Assume now that our mechanism selects point $i^*$. In this case, his payement
his $B$ and the mechanism is budget-feasible.

Otherwise, the mechanism selects the set $S_M$. In this case, \eqref{eq:budget}
shows that the threshold payement of user $i$ is bounded by:
\begin{displaymath}
\frac{V(S_i\cup\{i\}) - V(S_i)}{V(S_M)} B
\end{displaymath}

Hence, the total payement is bounded by:
\begin{displaymath}
    \sum_{i\in S_M} \frac{V(S_i\cup\{i\}) - V(S_i)}{V(S_M)} B \leq B
\end{displaymath}
\end{proof}

The following lemma proves that the relaxation $L_\mathcal{N}$ that we are
using has a bounded approximation ratio to the value function $V$. For
readibility, the proof is postponed to section~\ref{sec:relaxation}.

\begin{lemma}\label{lemma:relaxation}
    We have:
    \begin{displaymath}
        OPT(L_\mathcal{N}, B) \leq \frac{1}{C_\mu}\big(2 OPT(V,\mathcal{N},B)
        + \max_{i\in\mathcal{N}}V(i)\big)
    \end{displaymath}
\end{lemma}

Let us recall here the following lemma from \cite{chen} which we use in the
proof of lemma~\ref{lemma:approx}. This lemma shows, as mentioned above, that
taking the maximum between the greedy solution and the point of maximum value
gives a $\frac{5e}{e-1}$ approximation ratio.
\begin{lemma}\label{lemma:greedy-bound}
The following inequality holds:
\begin{displaymath}
    OPT(V,\mathcal{N},B) \leq \frac{5e}{e-1}\max\big( V(S_M), V(i^*)\big)
\end{displaymath}
\end{lemma}

\begin{lemma}\label{lemma:approx}
    Let us denote by $S_M$ the set returned by the mechanism.
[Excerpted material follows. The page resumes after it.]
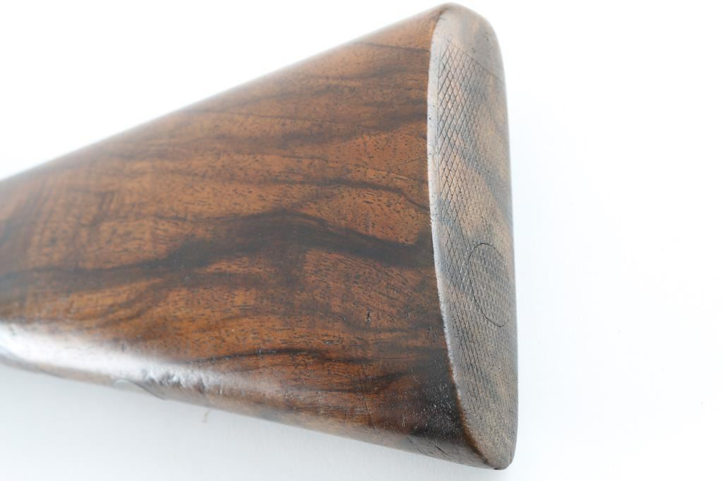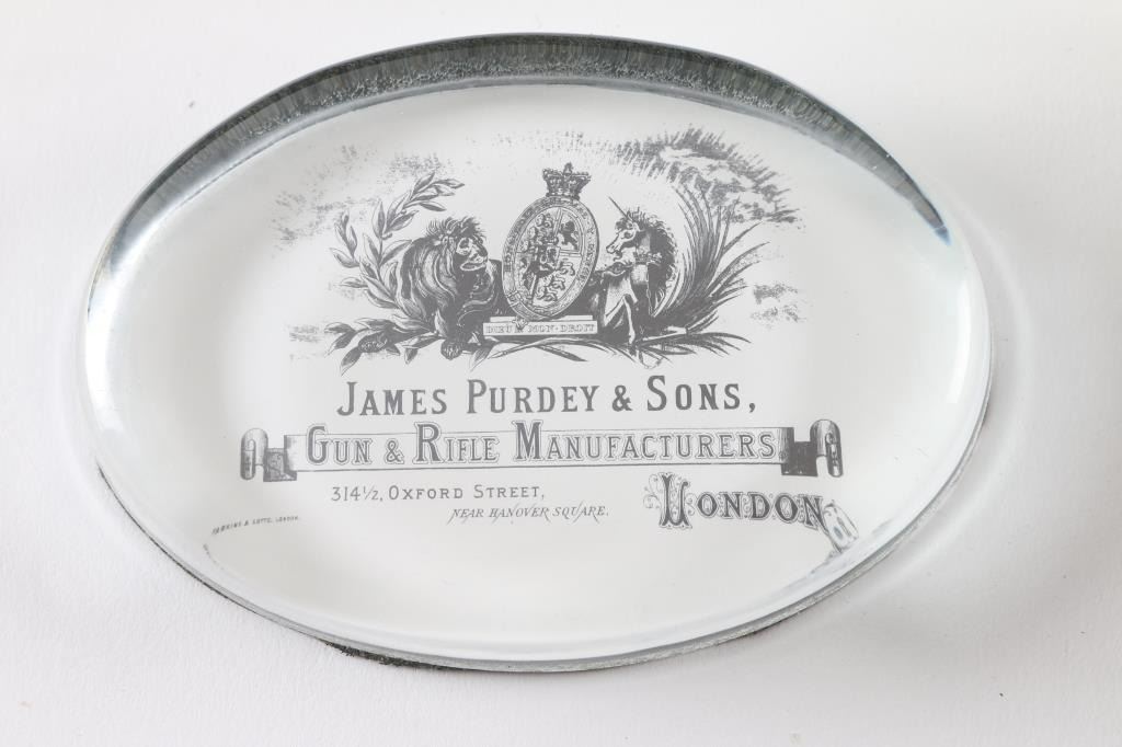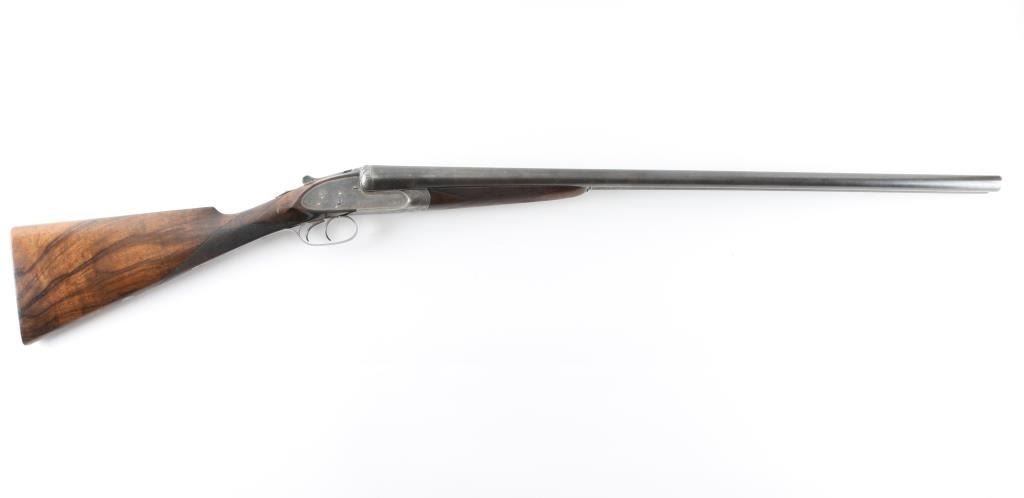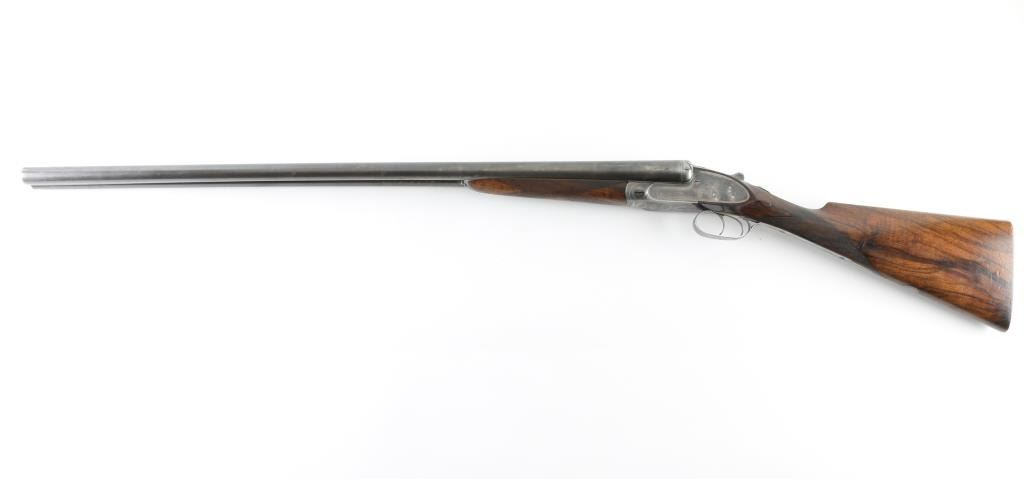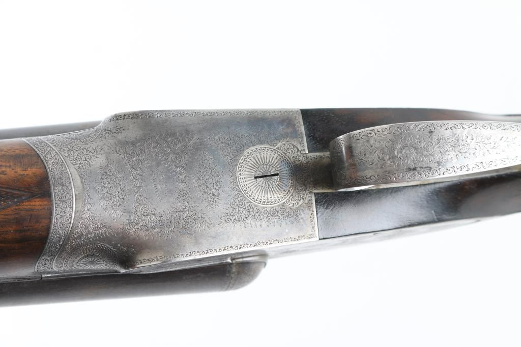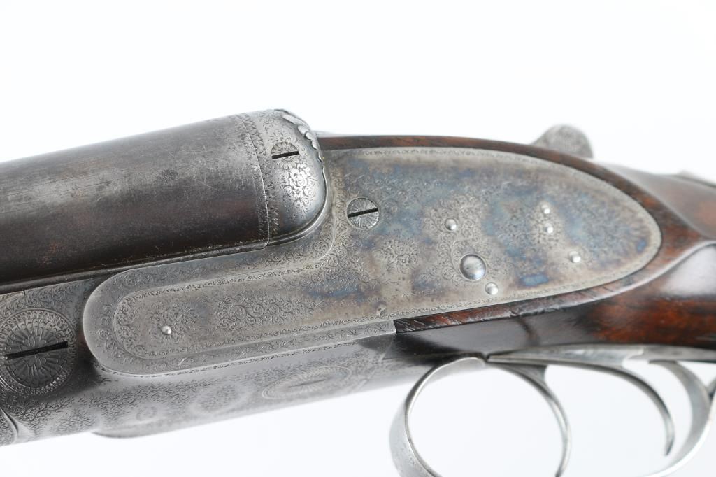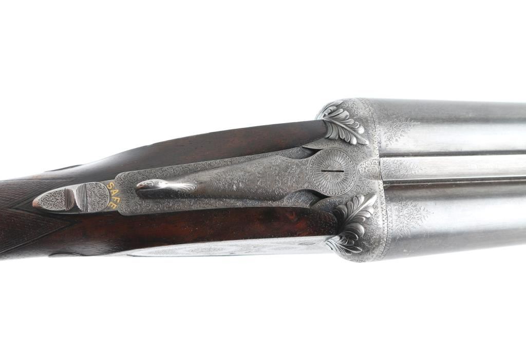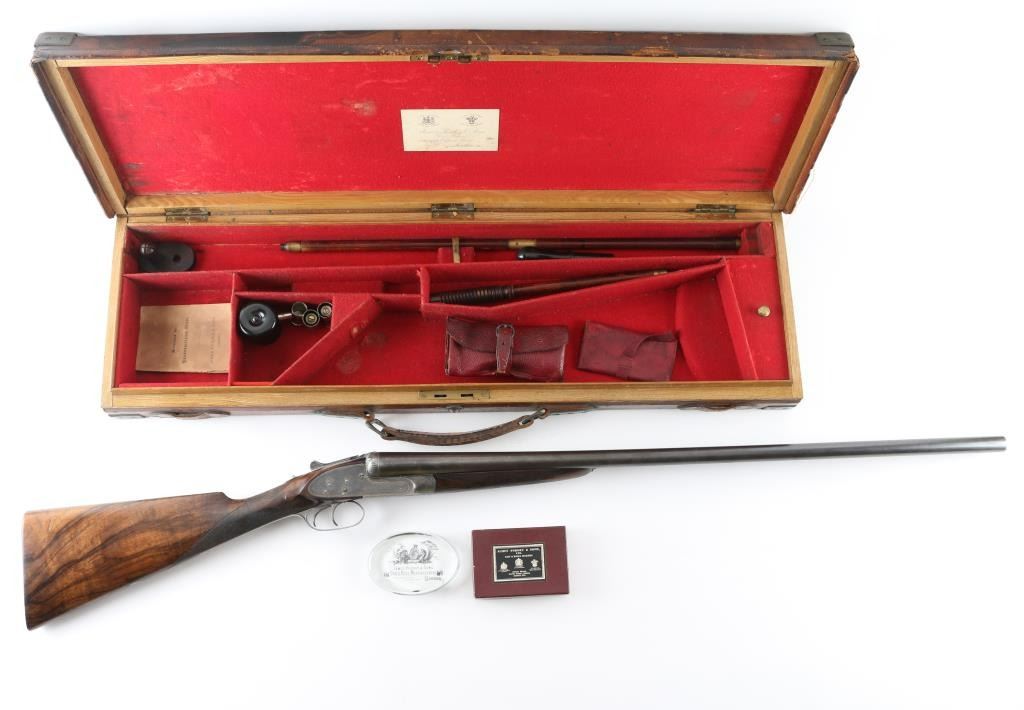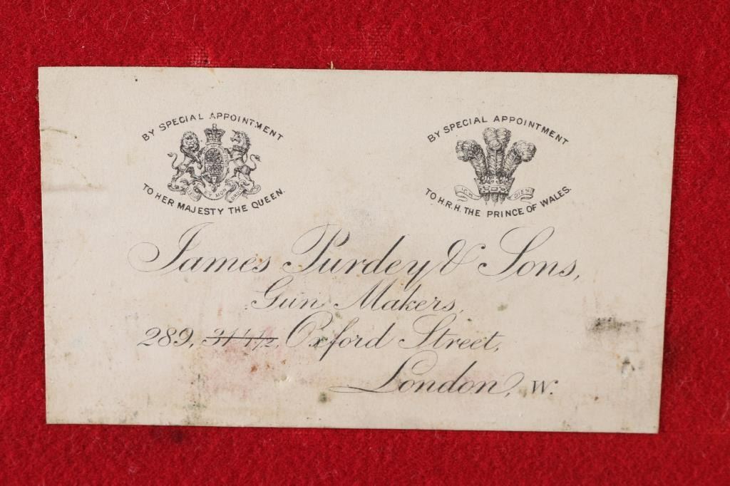'Cased Gun' British made Side by Side internal hammer sidelock shotgun manufactured circa 1881. Features blued barrels, engraved case colored action, extractors, tang safety (moves to 'safe' on opening), single extractor, double triggers, multi-point checkered walnut splinter forend with push-button release, checkered walnut straight grip shoulder stock, checkered face on butt, no buttplate, 30" solid rib barrels marked "J. PURDEY & SONS. 314 1/2 OXFORD STREET, LONDON. MADE OF SIR JOSEPH WHITWORTH'S FLUID-PRESSED STEEL"), Full/CYL chokes, small steel front bead. Engraving is a very fine floral scroll pattern covering over 75% of the action, with raised relief leaves on ball fences. "SAFE" engraved and inlaid in gold wire. Walnut is a select fancy figured wood with swirls and streaks in the grain, lots of contrast, some feather or fiddle grain showing. Fancy tear drop points behind side plates. Checkering is a finely spaced, cut to partial depth leaving flats on center of points. with deep border lines. Monogram oval on toe line is blank. Bores are very good. Barrels retain 75% coverage of a grayish or brownish toned blue, with some bare spots along bottom, edge losses. Barrels show very bright original bluing under the forend. Action retains significant bright case color, with bright blues mottled over grays, some dulling at edges. Wood is very good condition, many small shallow dents, some smoothing to the checkering, no observed cracks or chips. The included luggage style takedown case in leather bound, reinforced at corners, with leather straps, locking latch (no key provided), red velvet lined English fitted interior. Marked "BIDDLE" on lid (both embossed into leather and engraved onto brass disc). Leather is distressed & cracked, with broken handle attachment point, missing straps, damage to lining. Includes sectioned wood cleaning rod with attachments, black composition (bakelite?) accessory container with threaded cap, shell loading tools, snap caps, manual (with hand written emphasis to never snap this gun without using snap caps), vintage Purdey & Sons paperweight in box, factory correspondence. Condition is NRA Fine *** Antique Firearm ***

Let us also
    write:
    \begin{displaymath}
        C_{\textrm{max}} = \max\left(1+C,\frac{e}{e-1}\left( 3 + \frac{12e}{C\cdot
        C_\mu(e-1) -5e  +1}\right)\right)
    \end{displaymath}

    Then:
    \begin{displaymath}
        OPT(V, \mathcal{N}, B) \leq
        C_\text{max}\cdot V(S_M) 
    \end{displaymath}
\end{lemma}


\begin{proof}

    If the condition on line 3 of the algorithm holds, then:
    \begin{displaymath}
        V(i^*) \geq \frac{1}{C}L(x^*) \geq
        \frac{1}{C}OPT(V,\mathcal{N}\setminus\{i\}, B)
    \end{displaymath}

    But:
    \begin{displaymath}
        OPT(V,\mathcal{N},B) \leq OPT(V,\mathcal{N}\setminus\{i\}, B) + V(i^*)
    \end{displaymath}

    Hence:
    \begin{displaymath}
        V(i^*) \geq \frac{1}{C+1} OPT(V,\mathcal{N}, B)
    \end{displaymath}

    If the condition of the algorithm does not hold:
    \begin{align*}
        V(i^*) & \leq \frac{1}{C}L(x^*) \leq \frac{1}{C\cdot C_\mu}
        \big(2 OPT(V,\mathcal{N}, B) + V(i^*)\big)\\
        & \leq \frac{1}{C\cdot C_\mu}\left(\frac{2e}{e-1}\big(3 V(S_M)
        + 2 V(i^*)\big)
        + V(i^*)\right)
    \end{align*}
    
    Thus:
    \begin{align*}
        V(i^*) \leq \frac{6e}{C\cdot C_\mu(e-1)- 5e + 1} V(S_M)
    \end{align*}

    Finally, using again lemma~\ref{lemma:greedy-bound}, we get:
    \begin{displaymath}
        OPT(V, \mathcal{N}, B) \leq \frac{e}{e-1}\left( 3 + \frac{12e}{C\cdot
        C_\mu(e-1) -5e  +1}\right) V(S_M)
    \end{displaymath}
\end{proof}

The optimal value for $C$ is:
\begin{displaymath}
    C^* = \argmin_C C_{\textrm{max}}
\end{displaymath}

This equation has two solutions. Only one of those is such that:
\begin{displaymath}
    C\cdot C_\mu(e-1) -5e  +1 \geq 0
\end{displaymath}
which is needed in the proof of the previous lemma. Computing this solution,
gives the result of the theorem.

\subsection{Relaxations of the value function}\label{sec:relaxation}

To prove lemma~\ref{lemma:relaxation}, we use a general method called pipage
rounding introduced in \cite{pipage}. This method relies on \emph{piping} two
relaxations of the value function, one being the \emph{multilinear extension}
introduced below, the other one being the relaxation $L_\mathcal{N}$ already
introduced in our mechanism. At each position of the pipe, we show that we keep
a bounded approximation ratio to the original value function.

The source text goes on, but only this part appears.